まずは、昔の看板を展示していましたので、写真を撮らせて頂きました。「実用書法」の授業では毎年この時期に4年生が表札を彫ります。木に彫刻刀で彫るのですが、実はいろいろな彫り方があります。このような昔の木彫りの看板が良いお手本になります。これは文字も右から左に書かれています。「ドクヌキ丸」です。この部分は「かまぼこ彫り」を使っています。周りの篆隷書は「溝彫り」です。地に銀箔を貼っています。よく見ると、文字の部分に箔を貼っている部分と、地に箔を貼っている部分があります。様々な技法を使って複雑でお洒落な作品になっています。

周囲の彫刻が素晴らしい。文字は右から「阿淡御両国御免」と書いてあります。江戸時代は、阿波・淡路が両方とも徳島藩で、そこで商売できる資格が有る事を宣伝するための看板です。かまぼこ彫りの頂上部の金箔がこすれて少し落ちて、線の中心が黒く見え、立体的です。長い期間に掃除などで拭いているうちに落ちたのでしょうが、却って味になっています。

工芸品のひな人形展も開催されていました。陶芸の「八寸」先生の展示販売ブースです。かわいい陶器製のひな人形が飾られています。狭い住宅事情から、最近はこんなかわいいサイズのひな人形が流行っています。

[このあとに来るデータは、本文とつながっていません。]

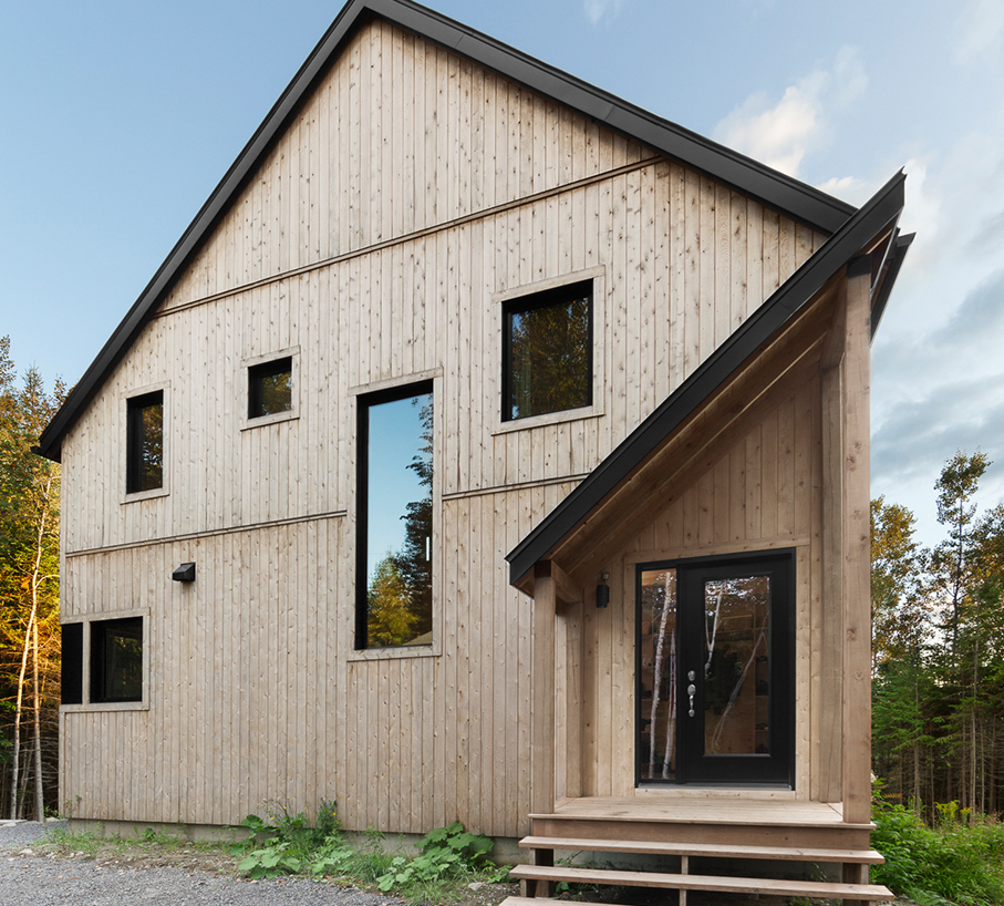 Désirant une résidence pour y loger leur famille, ces propriétaires étaient déjà vendus à l’idée d’un lieu sain, inventif et ensoleillé. Un toit angulaire en guise de porche d’entrée ajoute une note originale à la façade nord. Entièrement recouverts de planches de cèdre de l’est, les murs extérieurs reflètent l’esprit écologique du constructeur désirant utiliser les ressources locales.

2点拡大します。お皿にひな人形を載せてあるだけですので、祭りが終われば、お皿として利用できます。

猫が流行っていますので、猫のひな人形もあります。おびなは酒の徳利を持っているのでしょうか?先生に聞いてみないとわかりませんね。めびなはお魚です。お皿は桜のはなびらの形です。

その他、木や竹の小物製品の展示では珍しい商品がありました。徳島県南部の山中、木頭村で有名な「木頭柚子」の鋭いとげを利用したピンです。この柚子は鋭く堅いトゲが付いている種類で、危ないのでたいへん収穫しにくいのですが、そのお蔭で深い山中でもサルによる被害を受けません。収穫後に枝を剪定したりした時の不要になった枝のトゲの再利用です。こんな利用法があるのに驚きました。コルクボードなどの柔らかいところでしたら、しっかり刺せてしかもお洒落です。価格は、12本入りで税込み324円。ダンボール板の横の隙間に差し込んで、危なくないようにして売っています。「NATURAL PIN 木頭ゆずのとげピン」のネーミングが抜群です。センスの良い商品ですね。

徳島らしい、楽しい展示品が多かったです。皆様もお立ち寄り下さい。

なお、徳島科学史研究会の重鎮だった石原侑先生が亡くなられました。徳島の「辞典」的存在の知識人でした。時間の都合でご葬儀には行けませんでしたが、心からご冥福をお祈りします。生前に、ある石碑の拓本を依頼されていましたので、遺言と思って今月中には採拓したいと考えています。